Pachamama would output to both the existing Solr stage AND ElasticSearch. The existing Solr index will contain collections harvested through v1 and through Pachamama. The ElasticSearch index would only contain collections harvested through Pachamama. This setup would involve running the following components during the migration:

  • v1 harvest platform (including rq, workers etc)
  • pachamama platform
  • couchdb-stg (output of v1)
  • couchdb-prd (duplicate of couchdb-stg when couchdb-stg in good spot for a collection)
  • solr-stg (output of couchdb-stg and pachamama)
  • solr-prd (from couchdb-prd)
  • es-stg (output of pachamama)
  • cali-test (hooked up to solr-stg)
  • cali-prd (hooked up to solr-prd)
  • cali-test-es (hooked up to es-stg)

once pachamama platform complete, we'd add:

  • es-prd (duplicate of es-stg when es-stg in good spot)
  • cali-prd-es (hooked up to es-stg)

then swap the CName for cali-prd-es and cali-prd and:

  • retire v1 harvest platform
  • retire couchdb-stg
  • retire couchdb-prd
  • retire solr-stg
  • retire solr-prd
  • retire cali-prd
  • retire cali-test

Build a Solr -> ES converter + modify the Calisphere UI to use ES

The ES index will contain collections harvested through v1 and through Pachamama.
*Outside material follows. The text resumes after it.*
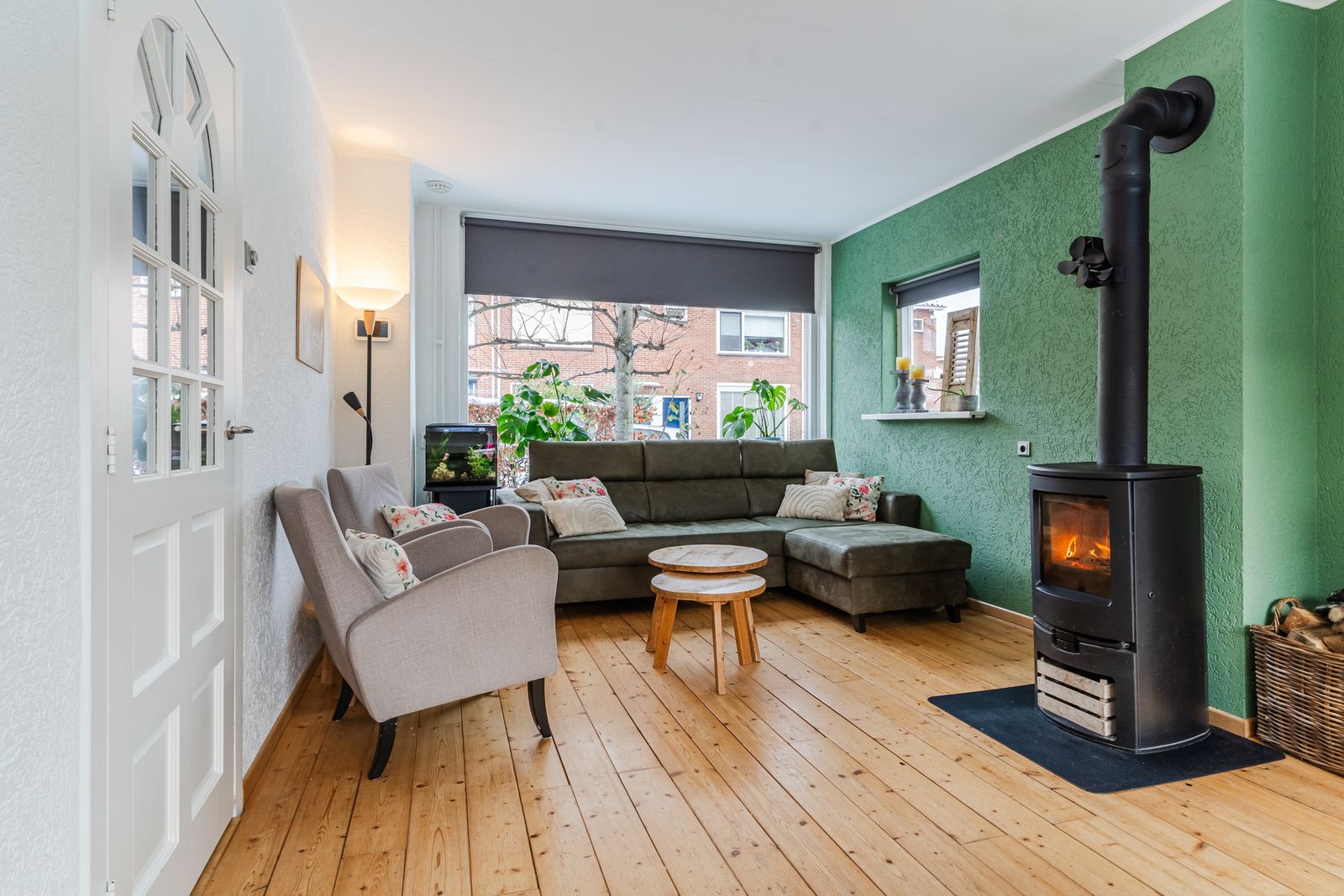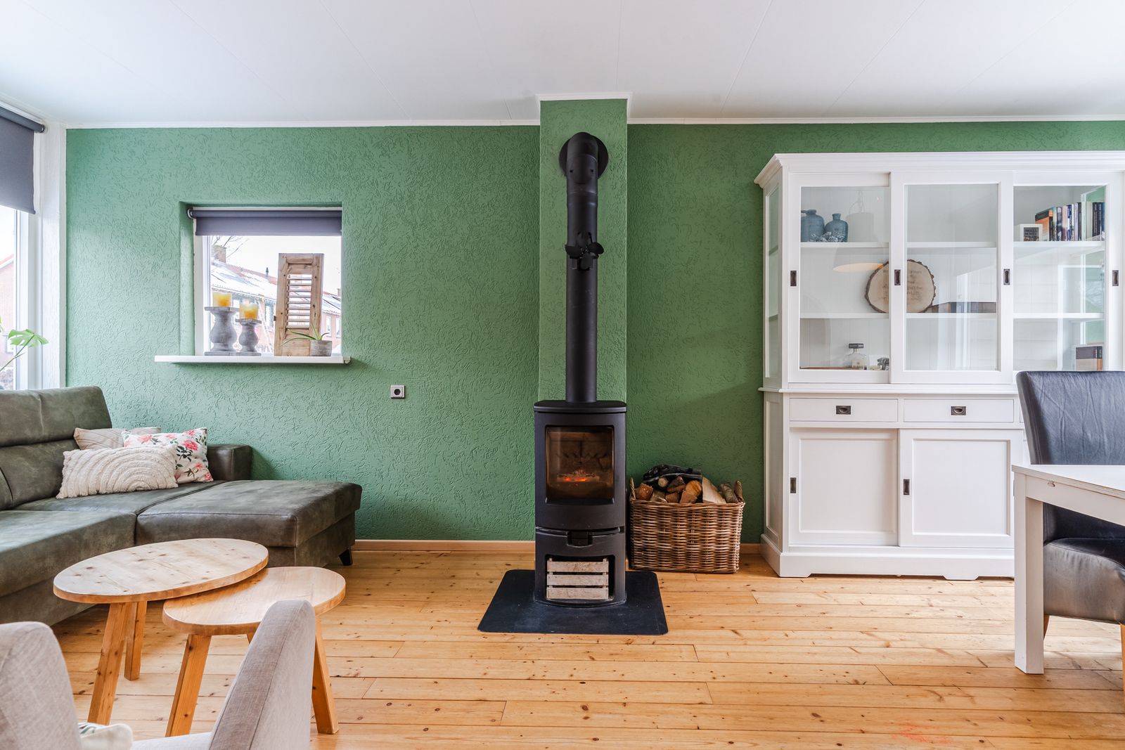 Een blikvanger die direct opvalt als je de woonkamer binnenkomt is de houtkachel die zorgt voor sfeer en heerlijke warmte. De doorzon woonkamer is licht door de grote ramen aan beide kanten.

The Solr index would only contain collections harvested through v1. This setup would involve running the following components during the migration:

  • v1 harvest platform (including rq, workers etc)
  • pachamama platform
  • couchdb-stg (contains data from v1 harvest)
  • solr-stg (output of couchdb-stg)
  • es-test (output of pachamama harvest)
  • es-stg (contains data from v1 harvest and pachamama harvest)
  • es-prd (contains data from v1 harvest and pachamama harvest)
  • cali-test (modified to work off es-stg)
  • cali-prd (modified to work off es-prd)
  • cali-pachamama (modified to work off es-test)

In both of these cases, re-harvests and new collections on existing v1 mappers and fetchers that have not yet been migrated would continue to run through the v1 stack, while new fetcher and mapper types would get added to Pachamama and existing fetchers and mappers would be migrated to Pachamama. We would need some way to let operators know which system to use (especially for new harvest types which would exclusively exist in Pachamama).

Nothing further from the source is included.